|ANN||artificial neural network|
|IoT||internet of things|
Tool used in the plugged part of the MyComputerbrain activity
This image shows the view in the MyComputerbrain application for the level 1 differentiation of the activity. On the right, we see four actions that our home automation system can execute. It can turn the lights on or off, and the fan on or off.
The left-hand side of the image depicts an artificial neural network (ANN), described here as the ‘input pattern’. The boxes in the input, hidden and output layers are called ‘perceptrons’. These can be likened to neurons in the brain. Within the input pattern, we see all the words that the ANN is able to understand. The three black boxes, ‘switch’, ‘light’ and ‘on’, represent one set of training data. You can drag the slider above the ‘input pattern’ label to see all training data.
Discuss the internet of things (IoT), which has made it possible to automate many processes we undertake in our daily lives. Now with the emergence of AI and the opportunities for voice commands, another level of automation is possible.
In pairs, ask students to sketch the floor plan of a typical house, and draw and label five ways that they could make the home a ‘smart home’ through automation. As a class, have the students share the different ideas. Which of them require AI? Which require sensors? How would digital and electrical systems interact with each other?
Discuss home automation:
Explain that computers can be programmed to be intelligent or, at least, smart. Ask the class if they think a computer could understand the meaning of something they say or write. How would it do that? At this point, students might mention their use of Siri, Alexa or similar technologies.
This step relates to the main components of common digital systems and how they may connect in the context of home automation.
Input, decision-making and output, in the context of a home automation system, are highly suitable for covering a range of content descriptors in the Australian Curriculum: Digital Technologies. Consider flow charts or any other form of diagram to conceptually explore sequences, branching and iterations.
The purpose of this step is not to write any code, but to explore and visualise possible steps and actions that might occur in a home automation system.
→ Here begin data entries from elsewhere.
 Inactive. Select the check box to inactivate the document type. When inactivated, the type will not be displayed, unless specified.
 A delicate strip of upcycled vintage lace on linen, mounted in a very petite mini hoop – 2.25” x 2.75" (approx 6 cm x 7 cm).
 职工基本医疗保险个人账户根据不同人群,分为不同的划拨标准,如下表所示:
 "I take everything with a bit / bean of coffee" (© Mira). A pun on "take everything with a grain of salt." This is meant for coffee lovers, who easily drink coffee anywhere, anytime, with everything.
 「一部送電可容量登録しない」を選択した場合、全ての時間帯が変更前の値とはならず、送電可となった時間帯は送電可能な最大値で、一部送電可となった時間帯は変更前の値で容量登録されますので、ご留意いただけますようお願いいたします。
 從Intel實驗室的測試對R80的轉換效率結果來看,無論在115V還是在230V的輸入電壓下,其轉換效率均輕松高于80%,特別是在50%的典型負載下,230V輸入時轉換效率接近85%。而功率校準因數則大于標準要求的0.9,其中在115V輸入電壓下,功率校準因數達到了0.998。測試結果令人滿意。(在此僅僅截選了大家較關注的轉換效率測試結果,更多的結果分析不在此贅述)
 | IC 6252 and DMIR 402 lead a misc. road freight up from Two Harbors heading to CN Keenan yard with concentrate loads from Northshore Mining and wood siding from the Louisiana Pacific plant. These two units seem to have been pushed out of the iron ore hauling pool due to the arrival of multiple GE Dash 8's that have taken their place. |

This step also provides an opportunity to discuss scientific ideas about electrical systems and how they can be controlled by a digital system.
The plugged activity explores input and decision-making, as discussed in Step 3 above. For the output step separate activities can be undertaken with Arduino, Raspberry Pi, or BBC micro:bit. These activities demonstrate how code drives actuators.
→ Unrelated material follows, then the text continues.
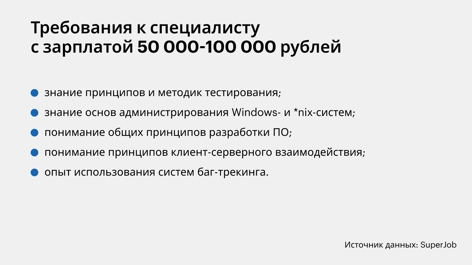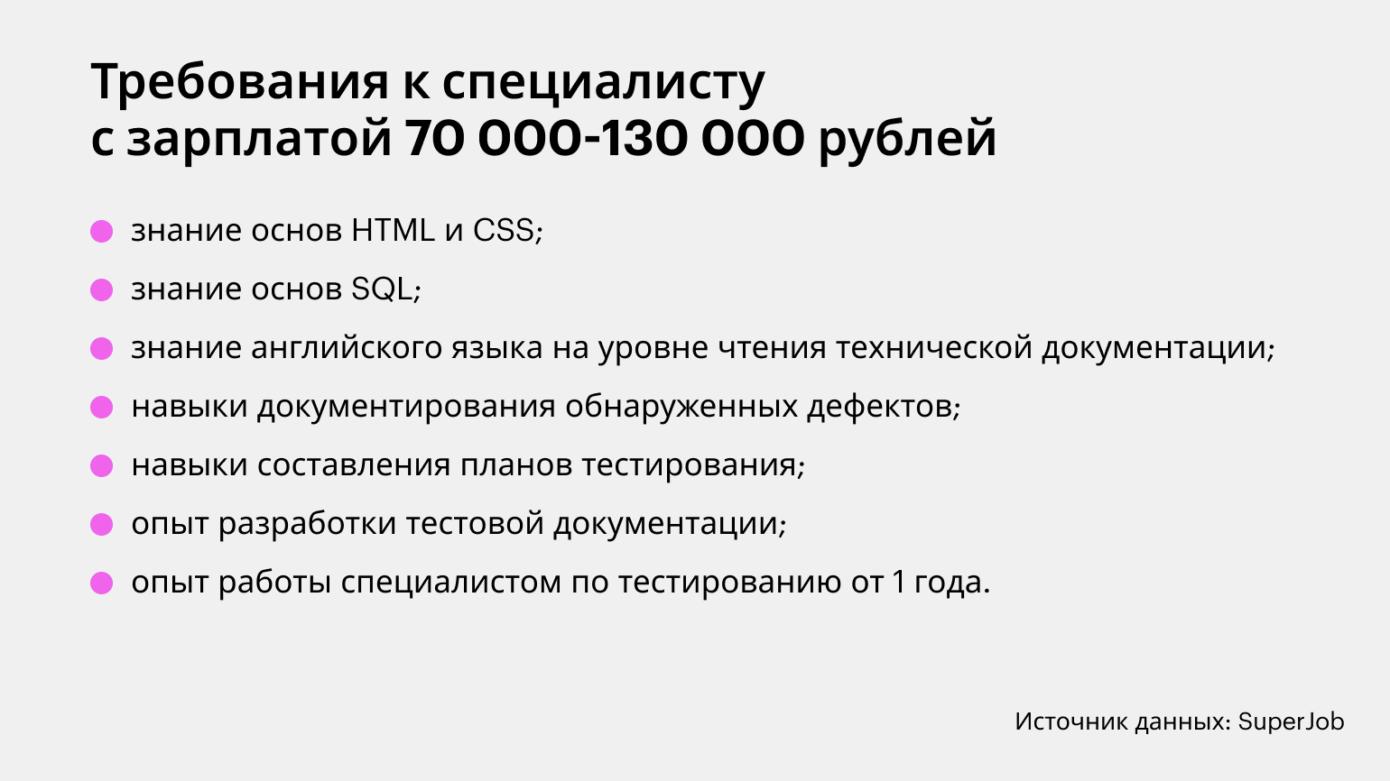 Согласно исследованию SuperJob, нижняя граница зарплат специалистов в тестировании — 50 тысяч рублей. Хотя бывает и меньше.

This plugged activity allows students to interact with an AI application to recognise written commands and make meaningful decisions, such as turning the lights on or off. No coding is required by the teacher or students. Students can use a total of 12 expressions, including single words and whole sentences, to train the AI.
The underlying AI runs locally in the browser, so it’s learning speed only depends on the speed of the local processor, rather than internet speed. For example, the training process will take approximately 30 seconds on a 2012 laptop.
To increase the speed of the learning process, the lines representing the synapses can be hidden by clicking on 'Hide wires' in the menu.
To see the colour changes of the lines representing the synapses, drag the slider to the left.
Note, however, that this will slow the learning process.
The activity has been levelled to enable differentiation.
Students investigate the control required to switch lights and fans on or off. The training data for the ANN has already been provided and cannot be changed by the students. The experiment is available here.
Students are given the freedom to decide on four different outputs and to develop the training data. Students develop data sets and enter them into a table. Sample training data is provided for inspiration. The experiment is available here.
On level 2, the experiment has a special feature, which is that the ANN is constructed in real time while students enter the training data. This is intended to help students understand how the input data influences the topology of the ANN. It is an opportunity for the teacher to discuss data input, and more general human sensory perception with students.
Note: The student input is not stored. When the browser window is reloaded, the experiment is reset.
The function depicted above is a Sigmoid-function: f(x)= 1 / (1 + e^(-x)). During the learning process, the ANN also uses the following derivative of the Sigmoid function: df(x)/dx = f(x) * (1 - f(x)).
To learn more about ANNs, explore the other experiments in this course at https://mycomputerbrain.net/php/courses/ai.php. The first experiment is free and provides a good introduction to ANNs.
AI is the ability of machines to mimic human capabilities in a way that we would consider 'smart'.
Machine learning (ML) is an application of AI. With ML, we give the machine lots of examples of data, demonstrating what we would like it to do so that it can figure out how to achieve a goal on its own. The machine learns and adapts its strategy to achieve this goal.
In our example, we are feeding the machine with words. The more varied data we provide, the more likely the AI system will correctly classify the input as the appropriate output. In ML, the system will provide a confidence value. In this case, it is a decimal value between 0 and 1, and the output box is coloured white, shades of grey or black. The confidence value provides us with an indication of how sure the AI is of its classification.
This lesson focuses on the concept of classification. Classification is a learning technique used to group data based on attributes or features.